The European Central Bank left its key interest rates unchanged in its first policy session after "Brexit", as euro area policymakers wait for more data to assess the exact depth of the impact of the historic event.

The bank maintained interest rates for a third straight policy session.

The 25-member Governing Council, led by ECB President Mario Draghi, left the benchmark interest rate - the refi, unchanged at a record low zero percent, after the policy session in Frankfurt.

Previously, the refi rate was kept unchanged in April, after a surprise five-basis point reduction in March.

The deposit rate was kept steady at -0.40 percent, where it has been since a 10 basis points reduction in March.

The marginal lending facility rate was maintained at 0.25 percent, after a five basis point-cut in March.

The Governing Council continues to expect the key ECB interest rates to remain at present or lower levels for an extended period of time, and well past the horizon of the net asset purchases, the bank said in a statement.

Further, the bank confirmed that the monthly asset purchases of EUR 80 billion are intended to run until the end of March 2017, or beyond, if necessary, and in any case until it sees a sustained adjustment in the path of inflation consistent with its inflation aim.

In the June 23rd referendum, 52 percent Britons voted to leave the European Union in a surprise move. "Brexit" is expected to create a huge negative shock for the U.K. economy, and simultaneously slow the euro area recovery.

Draghi is widely expected to signal more stimulus during his post-decision press conference set to begin at 8.30 am ET.

"Given widespread fears that the Bank is reaching its limits, he may also outline some of the specific policies that would allow further loosening, such as dropping the restriction that only bonds yielding above the deposit rate are eligible for purchase," Capital Economics economist Jennifer McKeown said.

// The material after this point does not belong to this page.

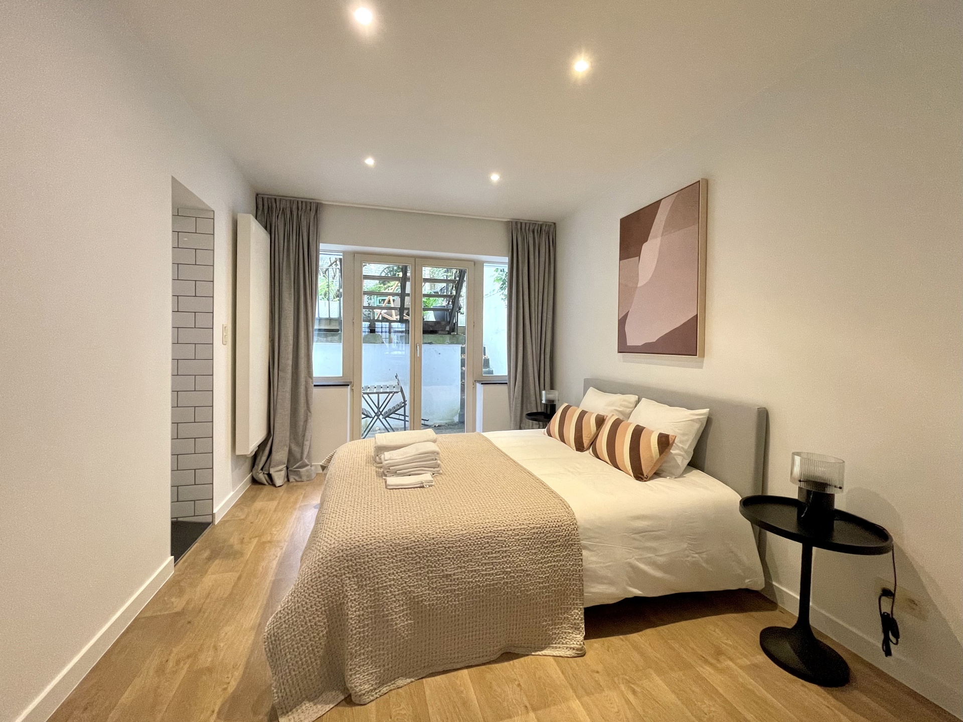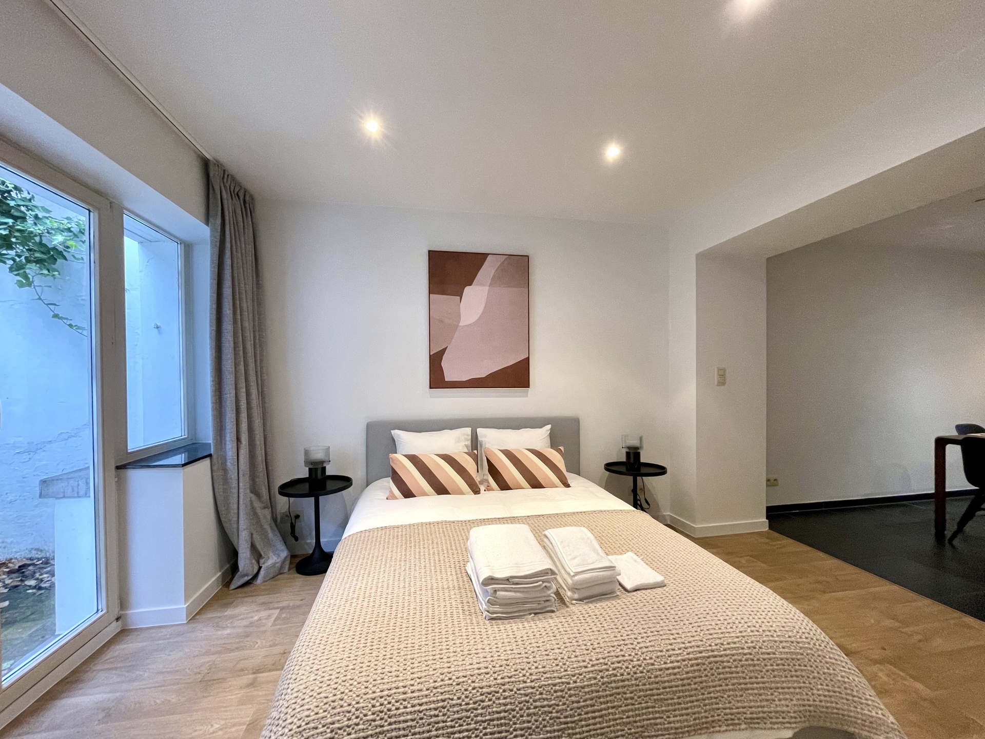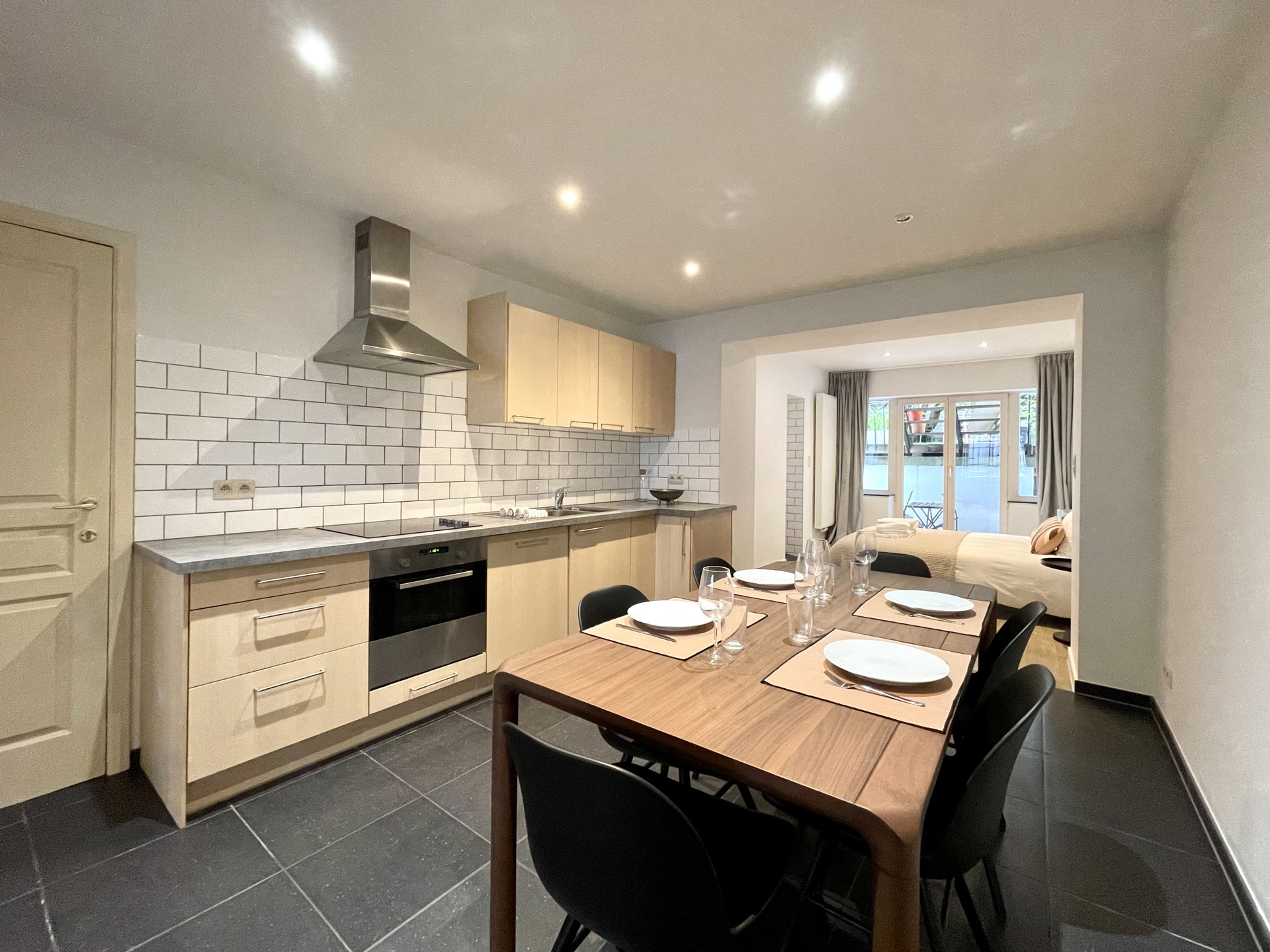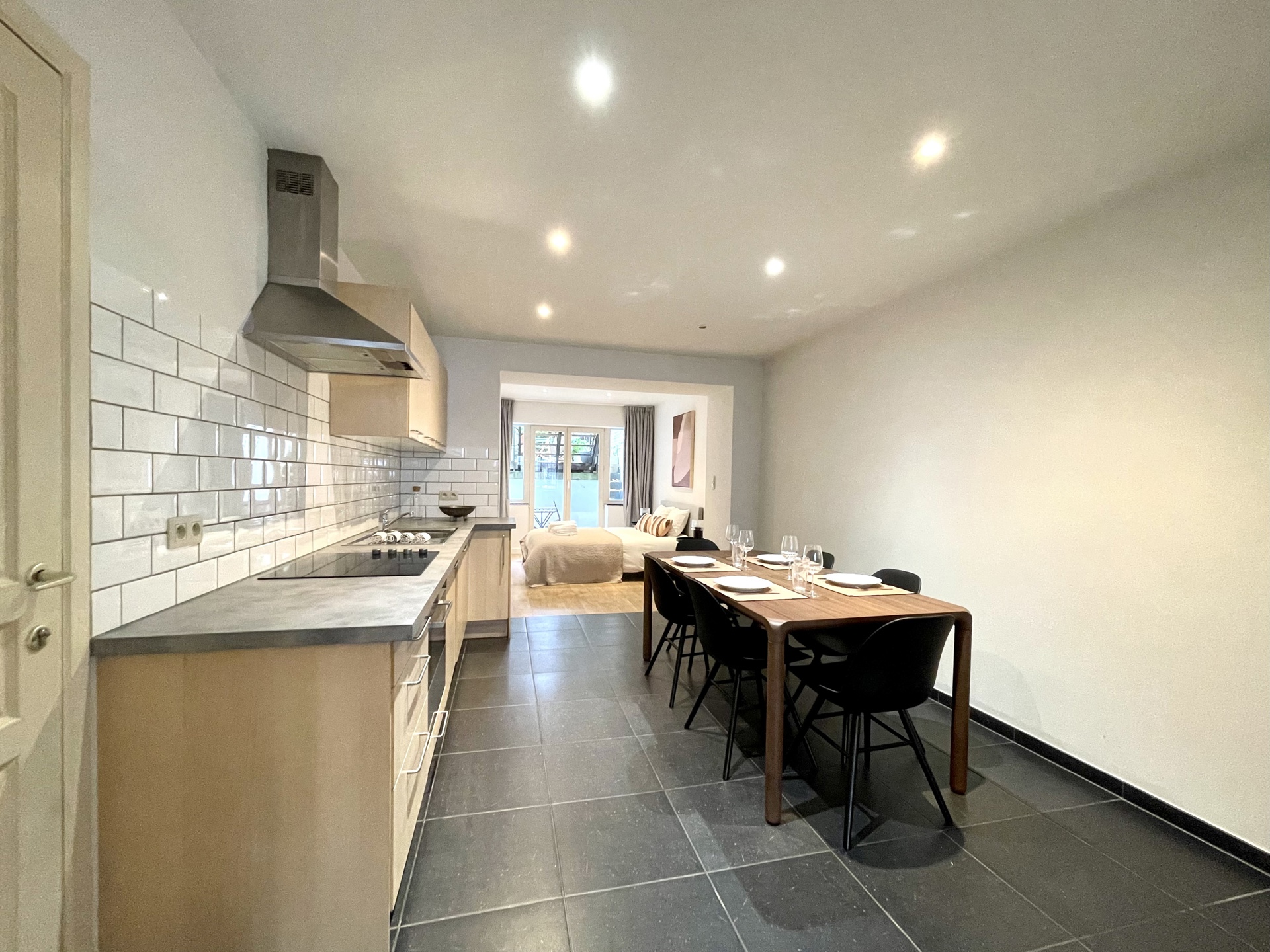 In de buurt van de Louise Avenue tussen Chatelain en het Ter Kamerenbos , begane grond GEMEUBELEERD met 3 kamers in een rij met een open keuken en een slaapkamer en badkamer met douche en toilet, aparte wasruimte , individuele gasketel .

"It is even possible that the bank will do away with its capital key restriction in favor of buying bonds in proportion to the stock of outstanding debt, but this is much less likely."

The bank began purchasing corporate bonds in June, under its asset purchase plan to buy EUR 80 billion bonds a month. The first of the four auctions under the second round of targeted longer-term refinancing operations, or TLTRO II, was held in June, in which about EUR 399 billion was lent. These loans will mature in four years.